Our very first task was to decide how to represent hands in VR. Two popular options are having human hand models and animations like in Oculus’s Toybox Demo, or models of the controller such as in Tilt Brush. We ultimately decided upon having human hands as this felt more appropriate for a medical simulator.
Our next challenge was to decide on how to deal with picking up objects. Once again we saw two options. In one, objects lerp to a predetermined position in the hand when “picked up.” While this looks more natural on VR video captures, we saw several drawbacks to this method. Due to the nature of this method a different grip needs to be animated for each object, which would impose significant development time and also limit the flexibility to add additional objects down the road. In addition, this method makes it difficult to “adjust your grip” on an object to grab it from different orientations. Finally it also makes it less natural to transfer an object from one hand to the other.
Another method we discussed was having the hands “disappear” when an object is picked up such as in Job Simulator. This provides several advantages. It saves significant development time, you can adjust your grip, and you can easily transfer objects from one hand to the other. It also makes it easier to examine objects up close since your hands won’t obscure your vision. One downside we have seen with this method is that while it feels natural in VR, it can look off-putting when showing a VR capture to an audience unfamiliar with this method.
At this point, we had just been accepted to the 2016 GPU Tech Conference Emerging Company Summit VR Showcase. We had about a week before the conference when we made a pretty significant discovery. When demoing Osso to the general population almost universally, and especially with first-time users, the first thing someone would attempt to do would be to try and throw an object, which was not a feature of our demo.

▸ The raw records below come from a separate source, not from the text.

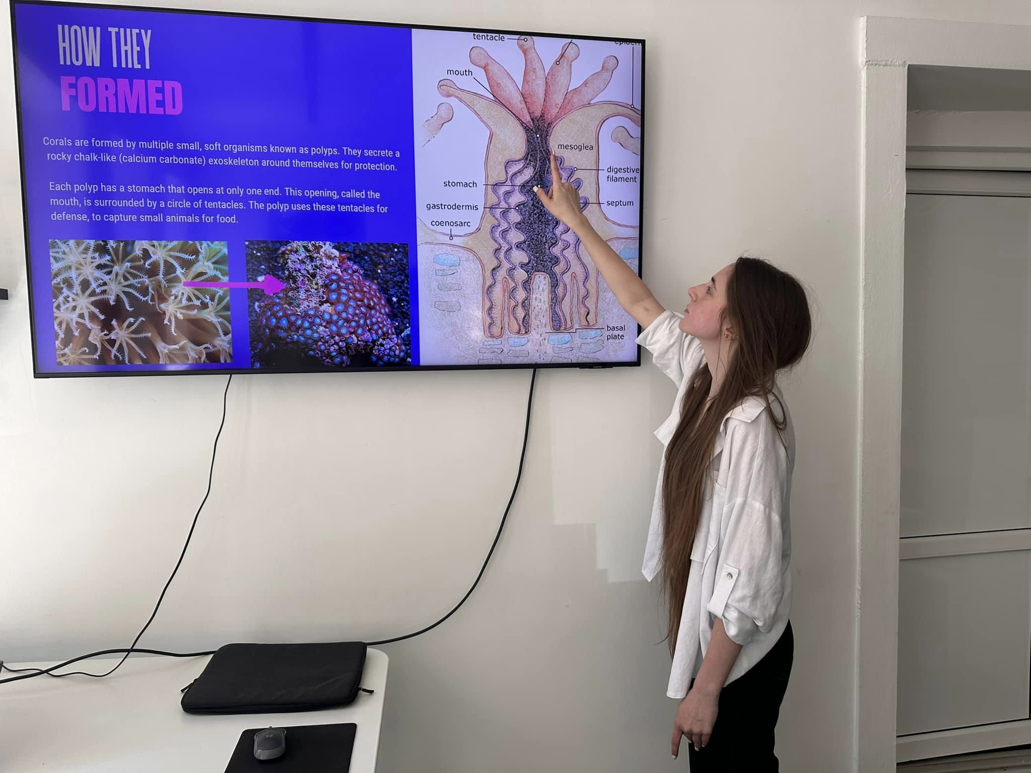 Jaunimo metu dėmesį skyrėme ir pasaulio ekologijos problemoms. Laboratorinio darbo metu merginos sužinojo, kad koralinius rifus formuoja smulkūs, sėslūs, kolonijomis gyvenantys medūzų giminaičiai – koraliniai polipai. Kiekvienas polipas turi savo išorinį kalcio karbonato skeletą, todėl bendra šių polipų kolonija – koralinis rifas – yra pakankamai tvirta, uolieną primenanti struktūra. Koraliniai rifai būdingi šiltoms, saulėtoms Žemės vietoms ir yra randami sekliame jūros vandenyje, kur patenka daug saulės šviesos. Jaunimo mainų dalyvės sužinojo, kaip rifai saugo pakrantes nuo erozijos, ir aptarė iššūkius, su kuriais susiduria koralų ekosistemos. Koralinių rifų nykimas siejamas su klimato kaita ir vandenyno vandens rūgštingumo didėjimui. Vietos gyventojų veikla (žvejyba, tarša, pakrantės urbanizacija) taip pat žaloja koralinius rifus. Laboratorinio darbo metu merginos kūrė „cheminius sodus“ iš įvairių druskų ir stengėsi atkartoti gamtos reiškinį – koralinius rifus. Taip pat merginos mokėsi gaminti aliejinius kvepalus naudojant eterinius ir bazinius aliejus. Veiklos metu jos sužinojo apie kvepalų istoriją ir gamybos metodus, taip pat išmoko derinti skirtingus aliejus, kad sukurtų savo unikalius kvapus.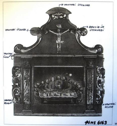 Altaristafla útskorin og máluð eptir Ámunda Jónsson og stendur letrað á hana giórt A.J.S. Á sjálfri töflunni er kvöldmáltíðarmynd afarilla máluð,. en á bríkinni upp af er krossfestingarmynd. Hæð 126 cm.: br. 108 cm.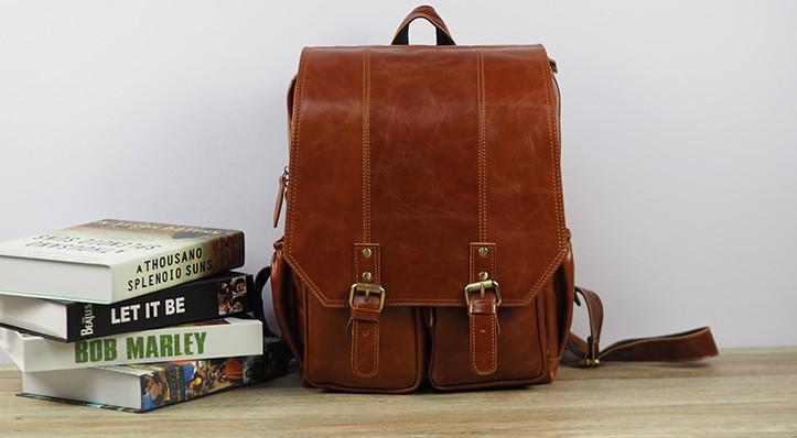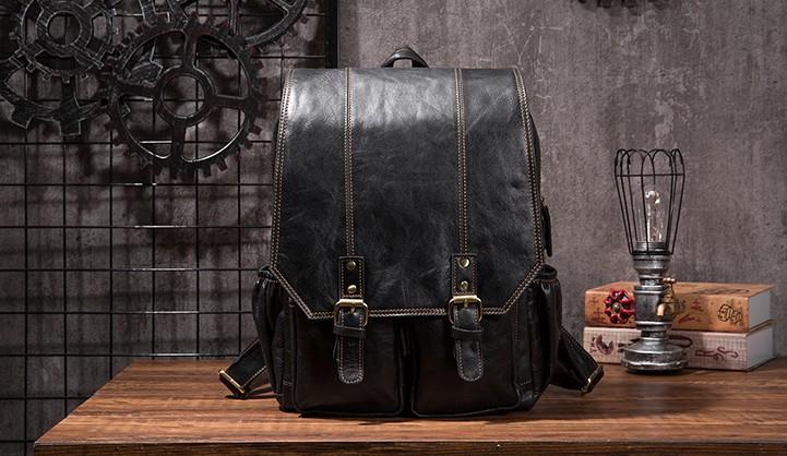 Design: Cool Mens Leather 15inch Laptop Backpack Travel Backpack Leather School Backpacks for Men
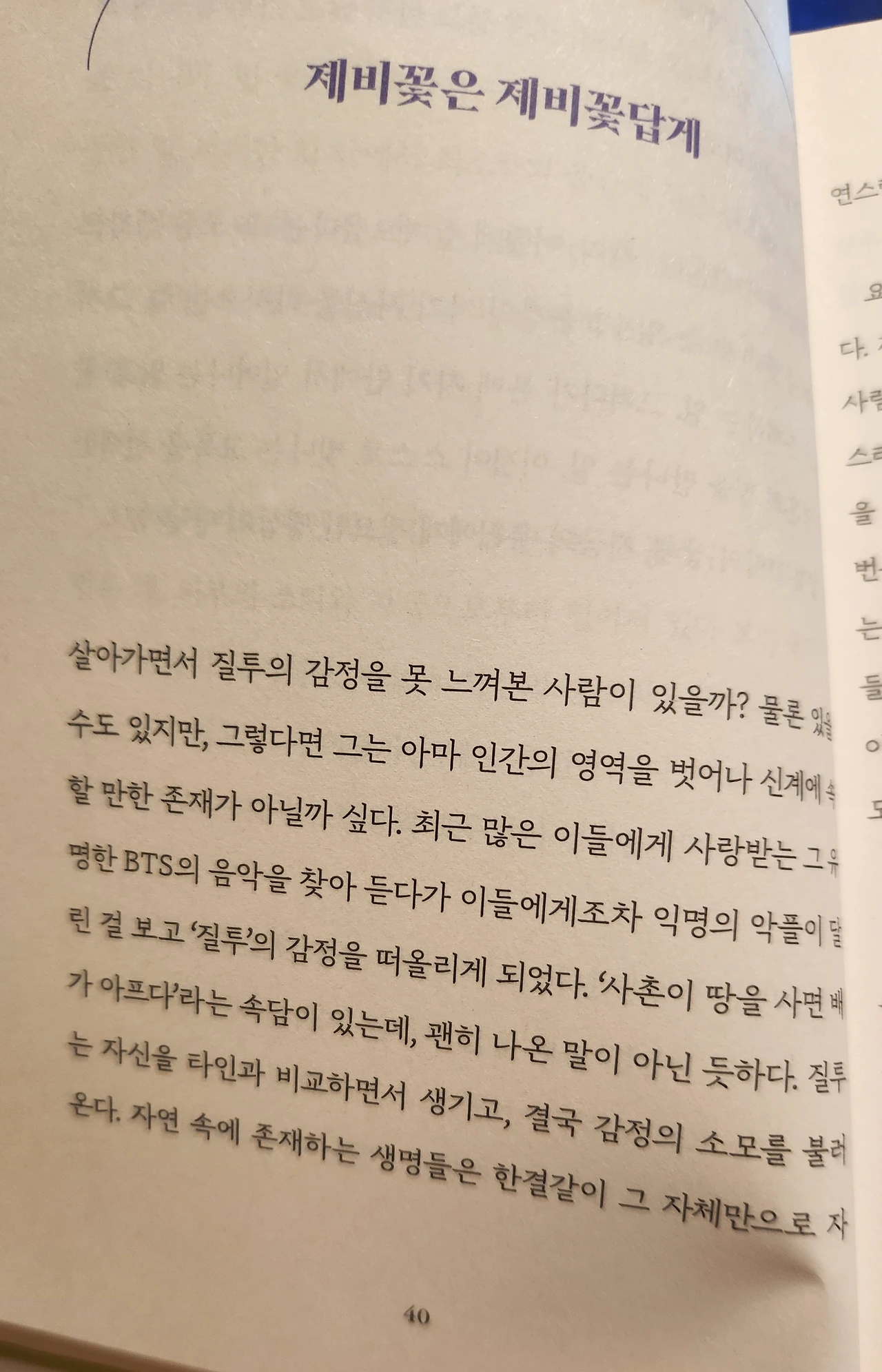 꽃들은 남을 부러워하지 않습니다. 제비꽃은 결코 진달래를 부러워하지 않고, 진달래는 결코 장미를 부러워하지 않습니다. 있는 그대로 자신을 한껏 꽃피우다가 떠날 시간이 되면 아무 말 없이 떠나갑니다. 만일 제비꽃이 진달래를 부러워하고 진달래가 장미를 부러워한다면 꽃들의 세계에서도 인간들과 똑같은 불행한 일들이 일어나고 말 것입니다.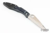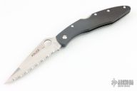 This Police by Spyderco knives features a satin finished clip point blade with full serrations.  The handle has Carbon Fiber scales over steel liners and backspring.  Has a black tip down pocket clip.  Includes the original box.  Has some light scratches on the pocket clip otherwise the knife is in excellent condition.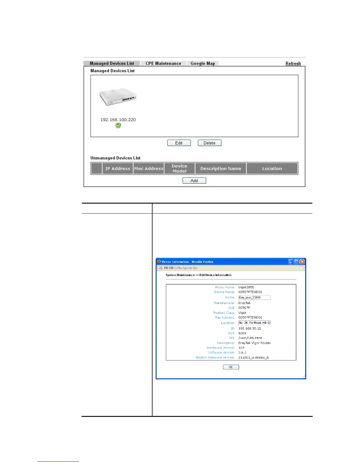 Managed Devices List This area displays device icons (up to 8) for the CPE managed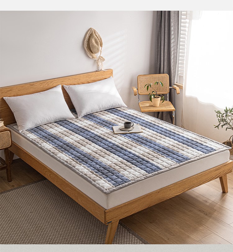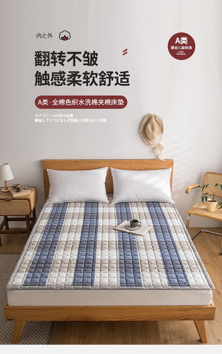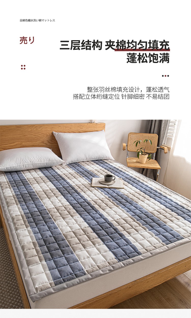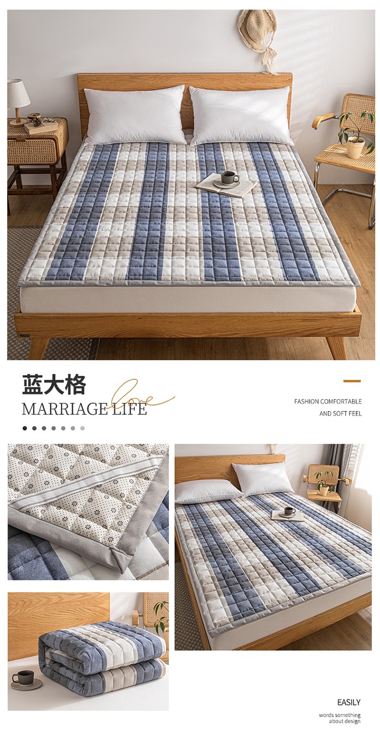 商品名称:东宇 2022新款A类全棉色织水洗棉夹棉床垫 蓝大格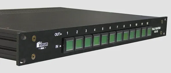 Tally Matrix 12x12 is a matrix switcher for the addressing of Tally signals that identifies the "on air" television cameras during a television shot.

Initially, implementing throwing would seem to be a waste in a medical simulator as typically it is frowned upon to throw objects in the operating room. However, thanks to Matt’s psychology background, we were able to recognize that this response appears to be a natural part of the brain adjusting to a new simulated universe. When users were not able to throw something, they reported decreased presence, disappointment and frustration. I thought back to the game Life & Death, where having freedom to experiment and play led to a valuable educational experience. We both agreed that we had to implement throwing, and fast.
Matt was able to implement the most impressive throwing solution I’ve seen to date, and it helped propel us to win an award at the GTC Emerging Company Summit and set us off on a path of continued growth and excitement. In fact, we were pitched to write this very article thanks to a tweet of Matt flipping a hammer.
The use-case of VR for surgical training is obvious, however its implementation is nontrivial. What makes Osso VR unique is our ability to execute a variety of pioneering hand-based interactions through careful design, polished implementation, and most importantly deep understanding of the brain’s expectations and reactions to VR. Through our experience in gaming, medicine, and simulation we are paving the way to provide high quality, low-cost surgical training for the world to improve healthcare for everyone.